乾杯はふたりだけの秘密
 久しぶりののんべえ会だったというのに、佐々木のせいで心から楽しめなかったことが心残りだった。
「今日はごめんね」
「いえ、先輩が悪いわけじゃないですよ。全部あいつから聞きました」
 帰り道、賢吾の口からこぼれた“あいつ”という言葉で、結衣の胸に再び不快な感情が込み上げた。

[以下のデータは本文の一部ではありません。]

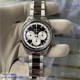Orologio Zenith originale in ogni sua parte, mai usato in ottime condizioni come nuovo, segni di usura assenti o appena visibili, full set (scatola, accessori vari, garanzia card ufficiale Zenith valida per 2 anni), garanzia/dichiarazione di vendita nostro negozio valida per 12 mesi.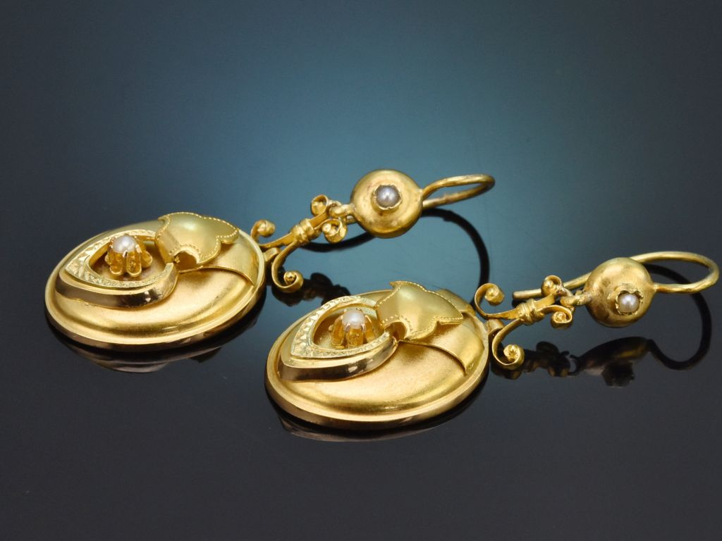 Ovale Hängeelemente mit gewölbter Mitte sind mit bandartig gelegten Zierelementen und je einer floral gefassten Saatperle dekoriert. Zwei bewegliche und filigran ausgeführte Volutenelemente verbinden die Plaketten mit den runden, perlenbesetzten Brisuren, die von weich geschwungene Ohrhaken ergänzt werden.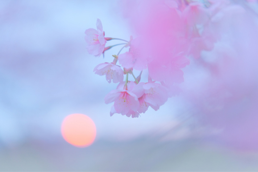 早朝に気持ちの良い桜並木をテクテクと歩きます。曇り空でちょっと残念な気持ちもありましたが、東の空の隙間から朝日が少しだけ顔を出してくれました!嬉しくなって、これを活かして撮影しようとしたところ、きれいな桜の花がついた枝を見つけて、太陽を玉ボケにして撮影してみました。こういった暗い状況での手持ち撮影はかなりシビアになりますが、ズーム全域で大口径F2.8と、手ブレ補正機構VCのおかげでこのように、今までは手持ちでは撮影できないような状況での撮影もできるようになりました。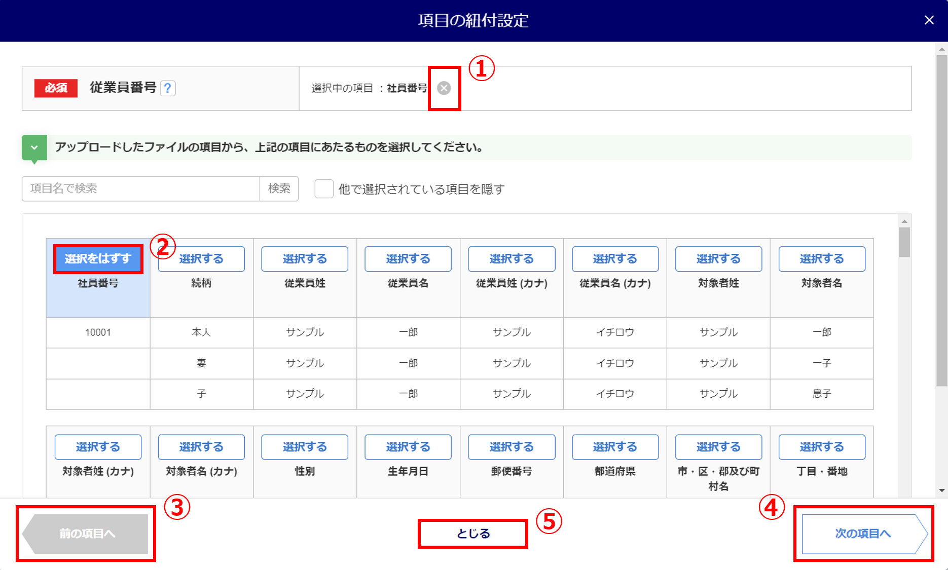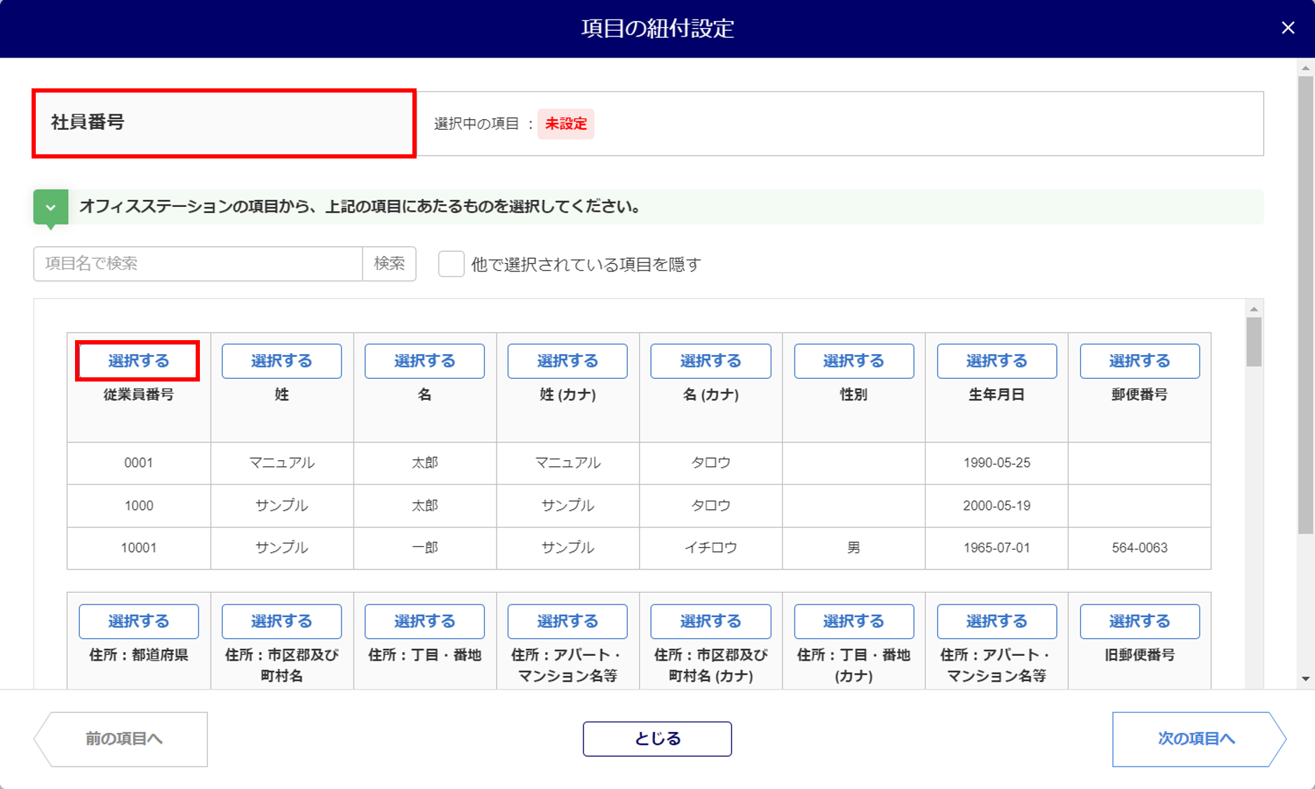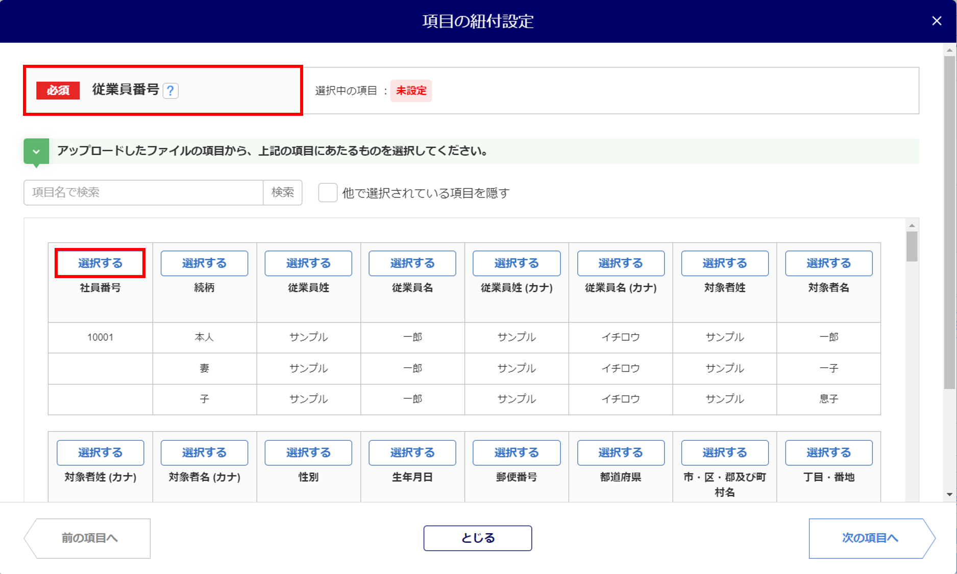 この他の項目についても、「従業員本人」の情報にあたる項目と紐付けます。

「完全に騙された。和味が貸し切りって、ありがちな理由だし」
「でも、それおかしいと思わなかったんですか? 木村先輩があいつにそんなこと頼むと思いますか?」
「それが、思わなかったんだよね。全く疑いもしなかった。佐々木君のこと、ただの親切な同僚だと思ってたくらいで……私、バカだよね。あんなことあったのに、全然学習してないし」
 賢吾が困ったように眉を寄せた。
「人を信じるのはいいことですけど、先輩はもっと警戒心を持ってください」
「うん。でも、ちゃんと連絡しようと思ったんだよ、新田君に。そしたら電波悪くて全然繋がらなくて」
「あそこ、あえてそういうコンセプトでやってる店です」
「え、そうなの? 知らなかったの私だけ?」
 世の中にそんな店が存在することすら知らなかった。
「俺も知りませんでした。さっき教えてもらったんです。和味で待ってても先輩が来ないから電話したんですけど、ずっと繋がらなくて。会社にも電話したけどもう出たって言うし。おかしいなと思って、この辺詳しい連れに聞いたら、もしかしたらって教えてくれて」
「そうだったんだ。確かに地下だったし、隠れ家的っていうかミステリアスな雰囲気ではあったけど、店員はすごく丁寧で穏やかそうな人だったよね。まさかそんな店だと思わなかった」
「いや、別に中の個室で闇取引してるとかそういうことじゃないですよ。店が悪いわけじゃなくて、悪用したあいつが悪いんです」
「でも、スマホ繋がらないと困るよね」
「場合によりますけどね」
「え、どういう意味?」
「俺だって、誰にも邪魔されたくない時だったら、そんな店選ぶかもしれないし」
 邪魔されたくない時――
「先輩」
「うん?」
「もう放っておけないです。危なっかしくて」
 あの日、來未がこっそり教えてくれた言葉だ。賢吾は自分のこういう行動を言っていたのかもしれない。
「ごめん。もうほんとに気を付けるから!」
 不意に賢吾が足を止めた。
「俺と付き合ってください」
「え?」
「じゃないと、先輩を守れないから」
 結衣は立ち止まり、まばたきを忘れるほど賢吾を見つめた。
「どういうこと?」
「もし無理なら、俺会社辞めます」
「――えっ、ちょっ、待って! なんでそうなるの? じゃあやっぱり、あの噂って本当なの?」
「え、なんの話ですか?」
「やだっ、私の知らない間に何したの!?」
「どういうことですか? 先輩、なんか勘違いしてませんか?」
 突然の告白に、会社を辞めると言い出したことで、結衣は佐々木の言葉を思い出していた。
 賢吾の悪い噂――
 次々と浮かぶ思いに、頭の中はすっかりかき乱されていた。